For the aforementioned problems, we have a novel approach(Lisp devs 🤫!) that we follow in the “plan-and-execute” pattern of solving the problems in the space of LLMs. Where you make LLM return a “program” to solve your problem and you “execute” that program with a custom “interpreter”, without having to go back to the LLM again.
You can have this approach as an alternative to “Function calling” and “LLM Compilers”.
As we tested with a few tons of dataset for our Conversational Analytics, the DSL approach proved to be efficient both in terms of tokens and time taken without compromising the accuracy of the solution.
Metrics | DSL | Function Calling |
---|---|---|
Tokens | ~5k | 8k-17k |
# of LLM calls | 1 | 2-3 |
LLM latency | ~2.45 s | ~5.15 s |
While this may be a common factor among other alternatives, it’s worth mentioning given that you're developing an extensible language of your own.
Because the LLM generates the desired “plan” in the DSL, you have the flexibility to use different LLMs, unlike the Function Calling approach, which limits this flexibility.
If needed, you can go a step further to fine-tune your model to “speak the DSL” for your queries.
The LLM interpreter is hardly 100 lines that you can implement in any language you want.
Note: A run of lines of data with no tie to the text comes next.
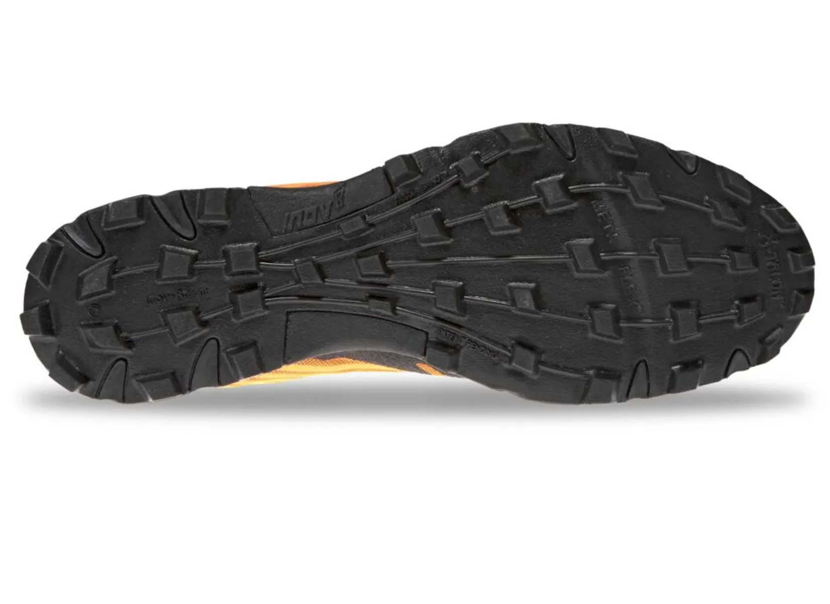Der Schuh macht optisch einen guten Eindruck. Er kombiniert knalliges Orange mit zurückhaltenden Tönen und sorgt dadurch für einen farblichen Akzent ohne Übertreibung. Der Schuh liegt leicht in der Hand, das Obermaterial ist nahtlos gefertigt. Besonders ins Auge sticht natürlich das aggressive Sohlenprofil mit seinen kantigen 8 mm langen Stollen.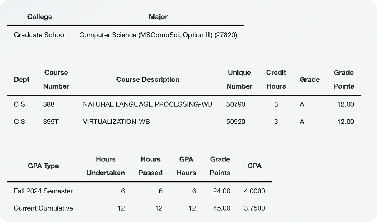 학비는 앞선 글에서 소개한 것처럼 한 과목당 1,000 USD이다. 총 10과목을 들어야 졸업이므로 재수강 등 특별한 경우가 아니라면 졸업까지 학비는 10,000 USD가 필요하다. UT Austin의 경우 매 학기마다 ISS(국제 학생 및 학자 서비스)에서 외국인 학생을 대상으로 125 USD를 추가로 요구한다. 내 경우 가을 학기에 CS388(자연어 처리)과 CS380(가상화) 두 과목을 들었고 등록금으로 2,125달러를 지불했다.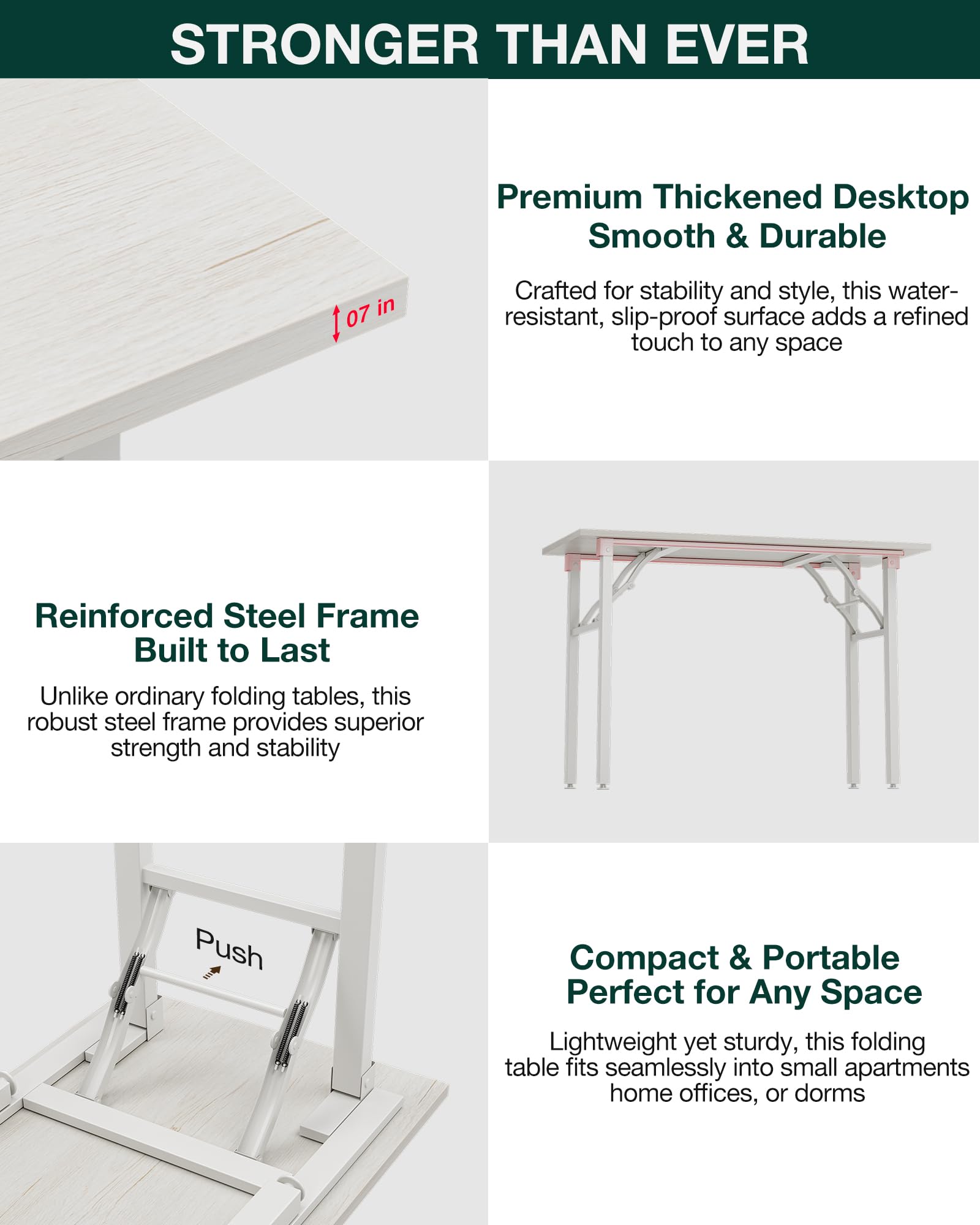 ππ¨ππ§π₯π-π¦πππ , π¦π£πππ-π¦ππ©ππ‘π π¦π§π’π₯πππ β When folded, the desk is just 2.9" thickβeasily stored behind doors, under beds, or in closets. Lightweight and portable, itβs perfect for compact living areas or anyone needing a foldable table thatβs easy to move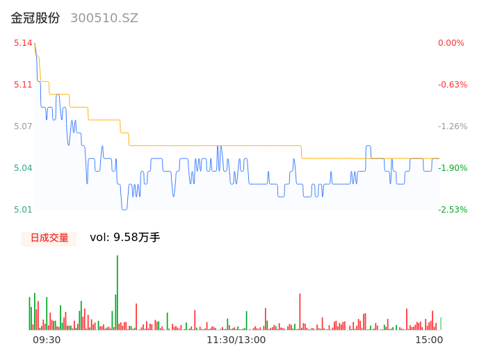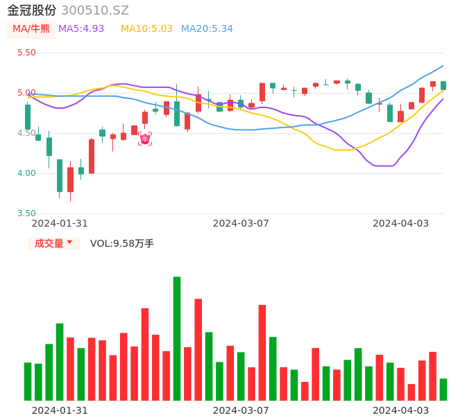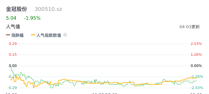 04月03日,金冠股份收报5.04,股价涨幅-1.95%,成交金额4837.53万元,换手率1.16%。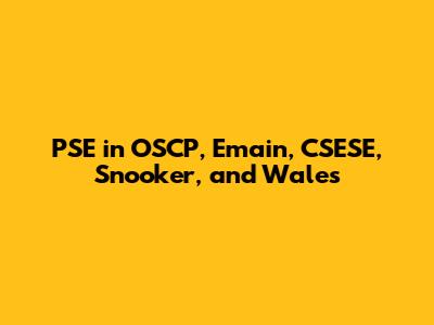 PSE In OSCP, Emain, CSESE, Snooker, And Wales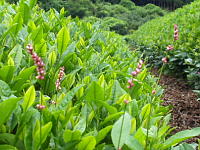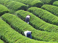 ![]() Rooting up weeds by hand at organic tea farm in summer season |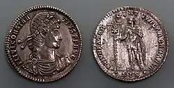 Magnence, lors de son usurpation, réussit à éliminer l'un des trois fils de Constantin le Grand, Constant Ier, et gouverne brièvement la partie occidentale de l'empire. Le commandant susmentionné aurait servi sous Constant puis aurait fait défection en faveur de Magnence. Les pièces de l'époque de Constance et la plaque décennale de Constance le prouveraient.

Hence it’s very well possible to compose agents developed in multiple languages and make it work together to solve the problem that you have.
With no compulsion to bind on LLMs support(function calling) or framework (LLM compiler), this feature is pretty much easy to extend. If you want to implement parallelism, conditionals, loops, or any other functionality, you’re open to do it. You can bend and twist the operations as you want it.
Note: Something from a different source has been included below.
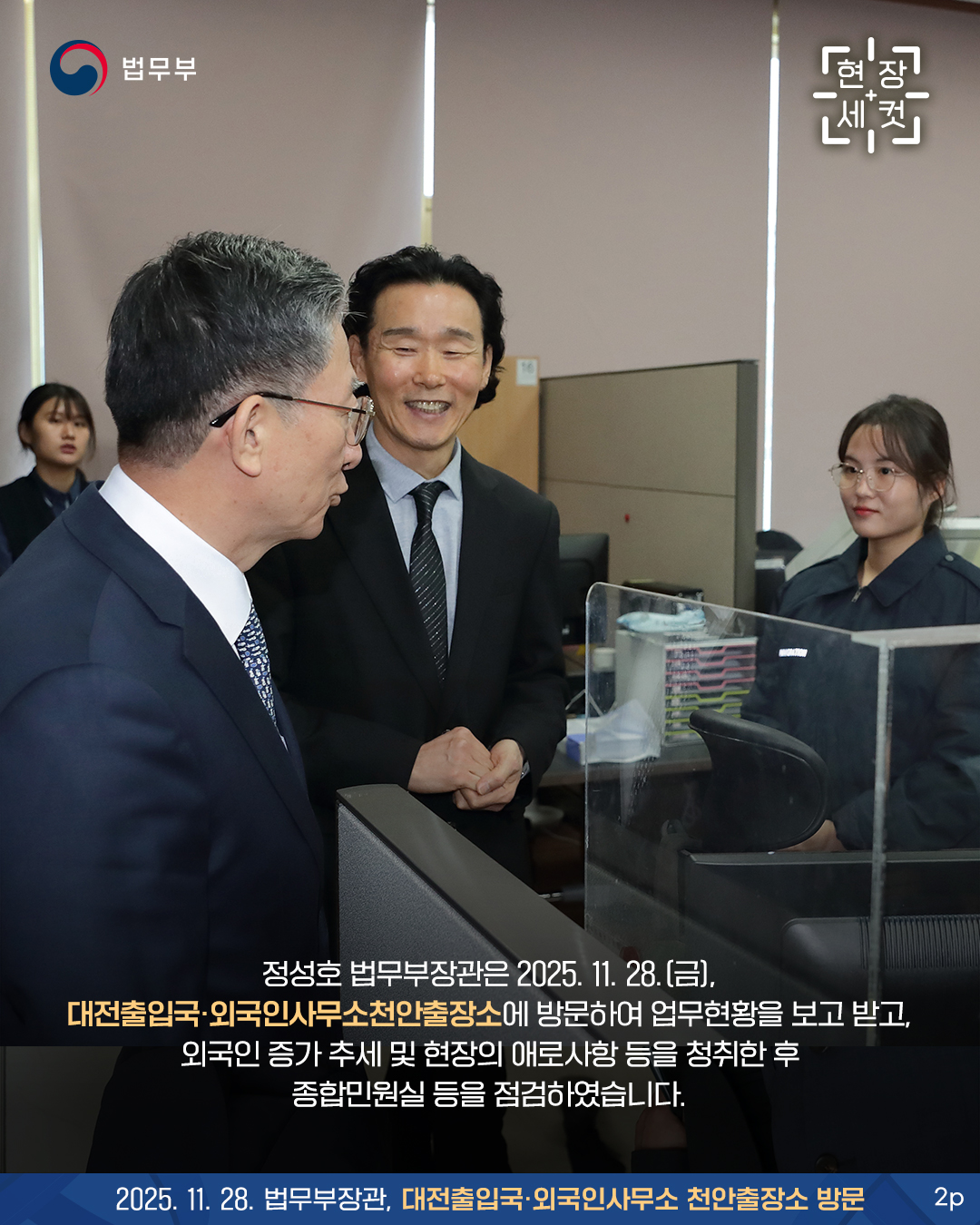 #법무부 #Ministry_of_Justice #현장세컷 #대전출입국외국인사무소 #천안출장소 #정성호 #장관 #현장방문

Since the LLM makes the plan upfront and hands it over to you for execution, you don’t have to send the data back to the LLM as it is in the case of Function Calling. And it’s “Secure by design”
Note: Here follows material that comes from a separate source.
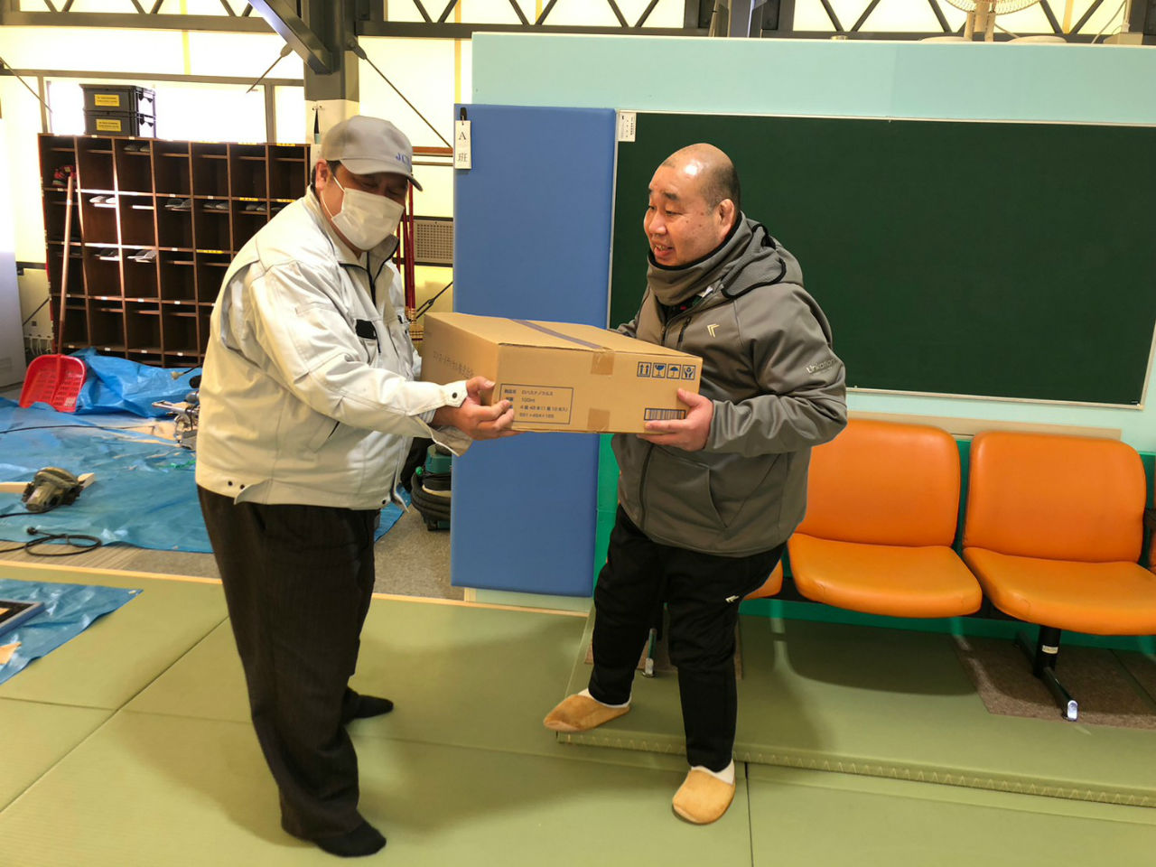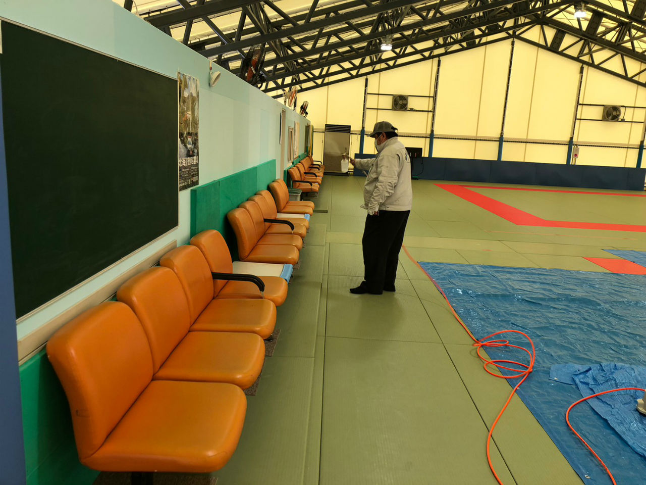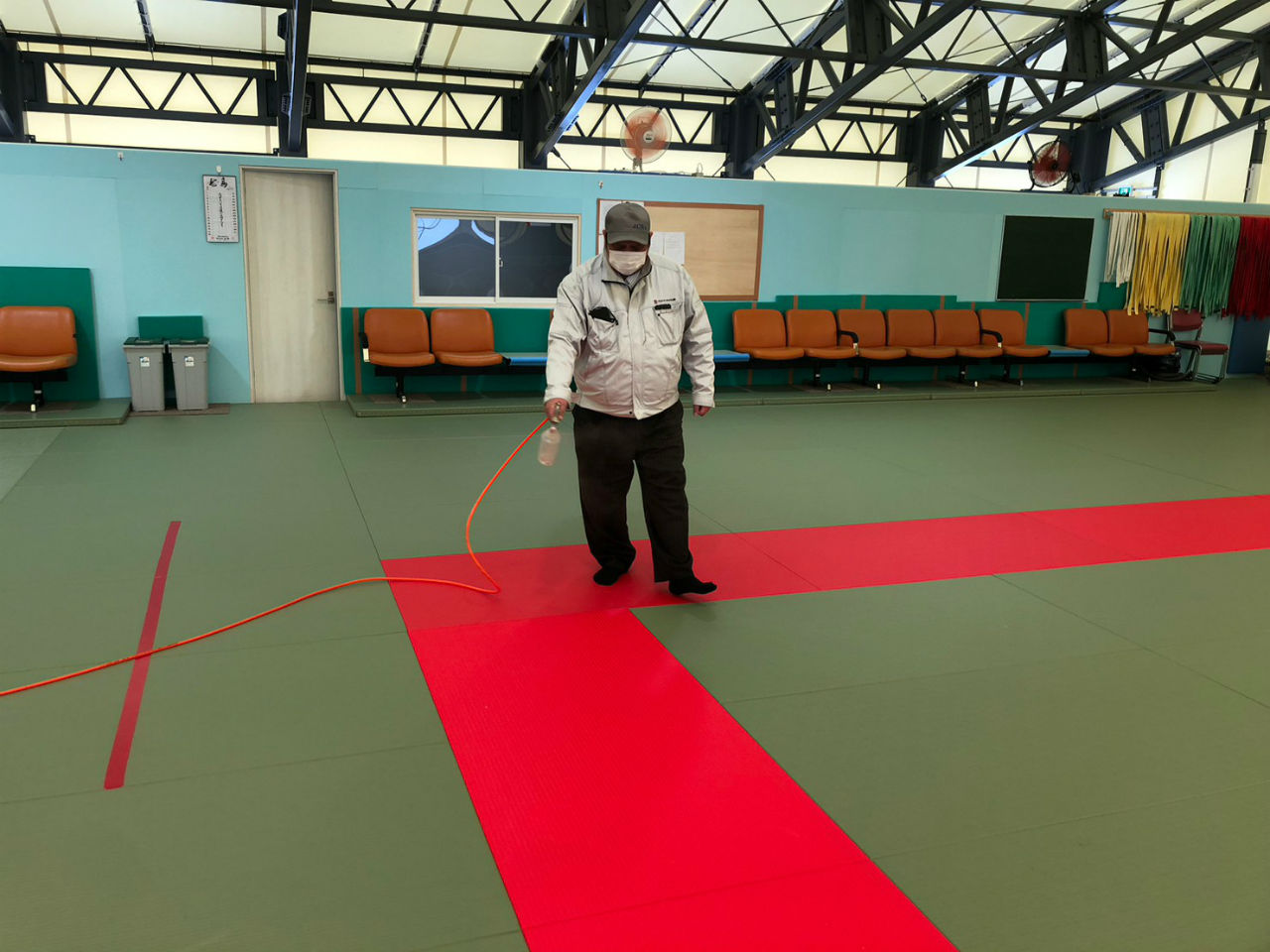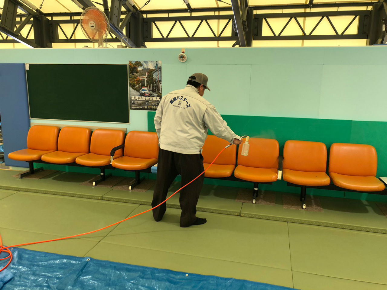 施工例:1/11 札幌大学様柔道場 噴霧作業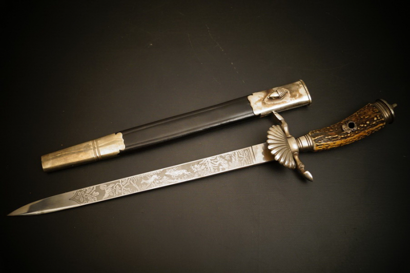 Fundzustand. Lederscheide mit Nummern in den Beschlagteilen. Alle Teile am Griff aus Bronze, versilbert. Echter Horngriff mit DJ Abzeichen. Klinge geschmiedet und mit Zierätzung. Sehr feiner Hirschfänger.

The philosophy behind the overall approach can be summarized as follows,
Here’s how a sample DSL looks like in Conversational Analytics for the case where you may or may not have data source,
[
{
query: [
// Operator to query
"<parameter-for-data-query>",
],
out: "data1",
},
{
respond: [
{
if: [
{
"not-null": ["data1"],
},
"Hope this answers your question!", // Response when the data is present
"Sorry I don't have enough data for that", // When no data
],
},
],
},
];
While this might take some time to understand, it is not difficult; it’s simply a modified version of an s-expression.
It’s all about calling one operation after another. Where each “operation” might be an agent or a simple function to do a specific stuff along with the parameter.
In simple terms it’s equivalent to the below code,
data1=query("<parameter-for-data-query>")
if(not_null(data1) {
return "Hope this answers your question!"
}
else {
return "Sorry I don't have enough data for that"
}
As you can see, you can even have things like conditionals, where the LLM upfront gives the response needed for the case of data and no-data form the `query`, as you execute it, your agent/function will respond based on the context at that moment, based on the plan that the LLM already gave.
You can have in-context learning (if needed n-shot examples) with larger LLMs where the prompt would contain the specification of the DSL, the operations and the query that you want to solve.
Or, you can parrot your own LLM to talk in the DSL, which wouldn’t be hard for a specific use case.
As mentioned earlier, you can have an interpreter for the DSL under 100 lines within a couple of hours(yourself) or much shorter(with giant LLMs)!